Na infância não tínhamos liberdade pueril e nem expressão lúdica como é natural nessa fase da vida, podíamos apenas contar com as tarefas imposta, sujeito, é claro, a castigos se não fossem bem executadas. Não sei por que isso nos pesa, mesmo já na idade adulta. Na verdade não amamos aos nossos pais, o sentimento que nos assombrava era o do medo da autoridade suprema, às vezes, passando até por momentos de ódio, principalmente, após as surras e os castigos desmedidos. Não sentíamos amor por eles, apenas nutríamos o apavorante medo e a obediência cega. E o que sentimos hoje, nada mais é do que resquícios e sombras de traumas em função do que foi sofrido na infância. Por termos sido educados dessa forma esdrúxula, sem a manifestação afetiva que era pelo menos devida, por isso, hoje somos adultos envelhecidos e endurecidos emocionalmente.
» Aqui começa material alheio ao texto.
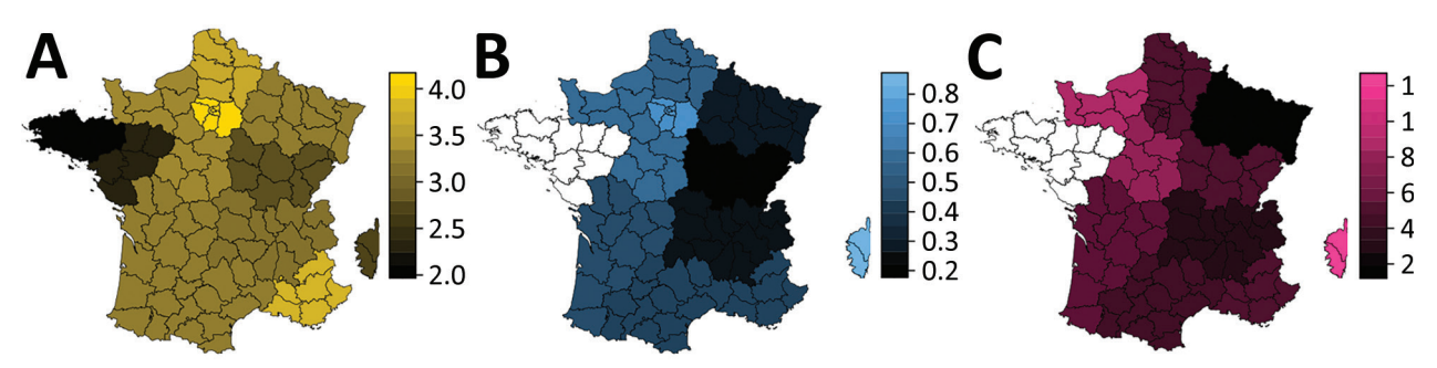
Figure 2. Regions of France in study of rapid spread of SARS-CoV-2 variants, January 26–February 16, 2021. For each region, we show the log<sub>10</sub> of the number of tests analyzed (A), the estimated total variant frequency by February 16, 2021 (B), and the estimated percentage transmission advantage (of the variant strains relative to the wild-type strain (C). Additional details in Appendix 2 Figure 5 (https://wwwnc.cdc.gov/EID/article/27/5/21-0397-App2.pdf).

from RT-PCR amplification cycles could provide useful insights. Finally, earlier reports have found variant proportion to be associated with higher basic reproduction number (4; E. Volz et al., unpub. data). We found such a trend among regions in France, but it is not statistically significant.

Eu sempre observei esse antipático e anormal comportamento, estou aqui me referindo à indiferença, mas somente agora eu tenho conhecimento das suas supostas causas. Em primeiro lugar, devemos observar que essa indiferença de um pelo outro, foi criada ou motivada pela ruptura do convívio familiar, em segundo lugar, devemos debitar esse comportamento à diáspora sofrida e, em terceiro lugar, devemos mover os nossos olhares para os demônios no inconsciente, que abrigamos e recalcamos no nosso mais íntimo escaninho secreto, por falta de uma terapia de apoio, fazendo com que os traumas ficassem agarrados como verdadeiros parasitas existenciais.
Na verdade, nem todos tiveram habilidade emocional para tratá-los ou extirpá-los, por isso, esses traumas da infância nos perseguem até a idade madura, uns mais outros menos. Pelo visto, nada ficou esquecido e nem perdoado, e agora, amargamos as conseqüências. É lógico que, cada um faz a sua reflexão dentro das suas possibilidades vivenciais e ou psíquicas. Mas acredito que muitos irmãos afogaram esses vestígios inconscientes, para não sofrerem com o levantamento da memória desses episódios. Por isso, eles mantêm as Janelas Killers, fechadas, mas os demônios continuam lá dentro, mas também é fato que, deveríamos enfrentá-los e extirpá-los de nos mesmos para que não criem outros distúrbios psíquicos mais sérios. Por isso, precisamos apagar o quanto antes, essas impressões ou figuras que ficaram impregnadas em nossos inconscientes, e que, formaram um batalhão de fantasmas existenciais de pavor que ainda nos assombram. Como disse o Dr. Carl Gustav Jung: “Cada vida é um desencadeamento psíquico que não se pode dominar a não ser parcialmente”. Somos verdadeiros espelhos, refletimos simplesmente aquela imagem que nos foi exposta ou imposta.